Structural and Kinetic Properties of Liver Rhodanese from Coptodon zillii: Implications for Cyanide Detoxification in Gold Mining-Impacted Aquatic Ecosystems.

Abstract

The global gold extraction industry has been reported to use cyanide-based recovery processes, which pose environmental effects on water resources. The study examined Coptodon zillii liver rhodanese from a gold mining-impacted reservoir with a specific focus on the enzyme's critical function in cyanide detoxification. Rhodanese was purified using successive chromatographic techniques with 5.4 U/mg specific activity and 3.1-fold purification. The molecular weight of the native enzyme was 36 kDa, and the subunits were 17 kDa, indicative of a dimeric structure. Optimal enzymatic activity was recorded at pH 8.0 and 50 °C. The effect of metal ions was significantly varied: the activity was inhibited by BaCl₂, CaCl₂, NaCl, and MgCl₂, and KCl enhanced performance. The kinetic determinations showed Michaelis-Menten kinetics with a Km of 20.0 mM for sodium thiosulfate and 25.0 mM for potassium cyanide.

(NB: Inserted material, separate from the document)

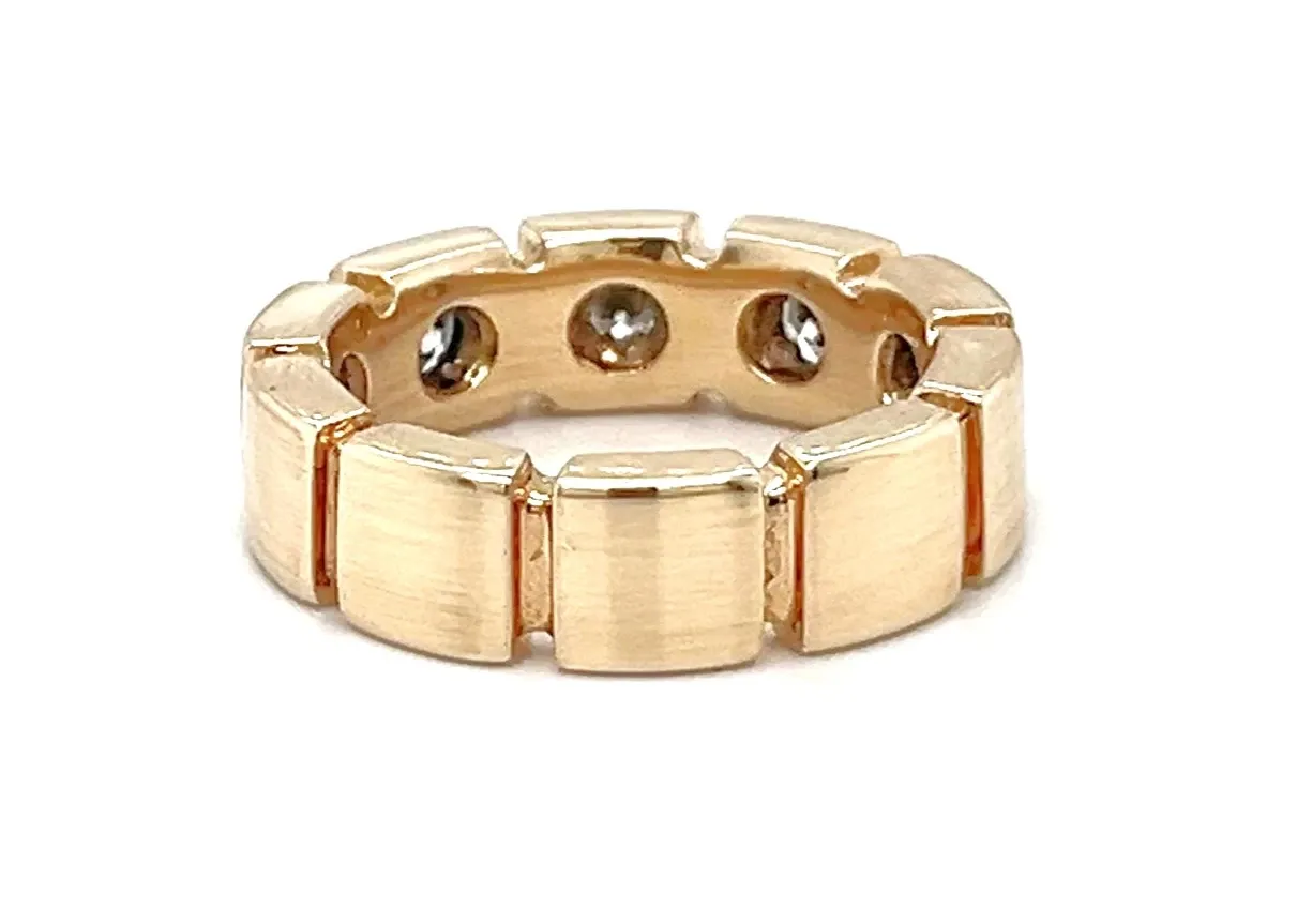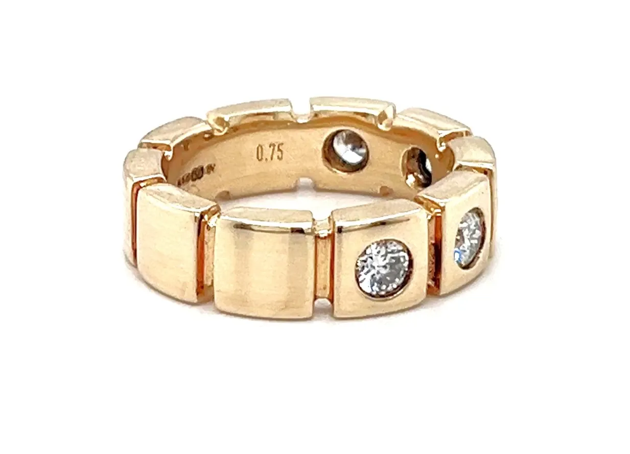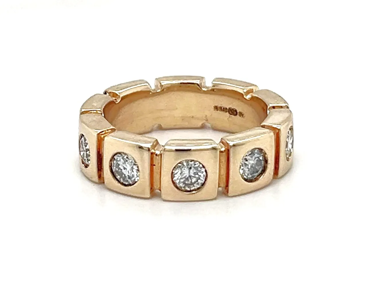 0.75ct Diamond & 9ct Rose Gold 6mm Section Band – 9.2g Exuding elegance and sophistication, this 6mm section band is crafted in warm 9ct rose gold and set with a total of 0.75ct sparkling diamonds. The sectioned design adds a modern twist to a classic band, catching the light beautifully from every angle. Weighing 9.2 grams, this substantial band offers a comfortable yet prominent presence on the finger. The polished rose gold finish enhances the brilliance of the diamonds, making this ring a stunning statement piece suitable for weddings, anniversaries, or special occasions. Details:

The enzyme's minimal activity was identified toward 2-mercaptoethanol, ammonium persulfate, and ammonium sulfate, but with evidence of preference for thiosulfate utilization under the substrate specificity tests. The major interactions between the enzyme and the substrate were revealed by the molecular docking experiments. These showed Glu159, Gln161, and Arg173 formed important hydrogen bonds with thiosulfate, while Arg156 and Val172 were also involved. Other substrates are bound to Gln121 and Trp139 residues with much lower binding energy than thiosulfate. The findings increase our understanding of biochemical adaptation process knowledge in anthropogenically stressed environments, showing strategies of ecological resilience. The characterized enzymatic features showed potent cyanide detoxification potential, and the possible applications are in bioremediation strategies for mining-impacted aquatic ecosystems.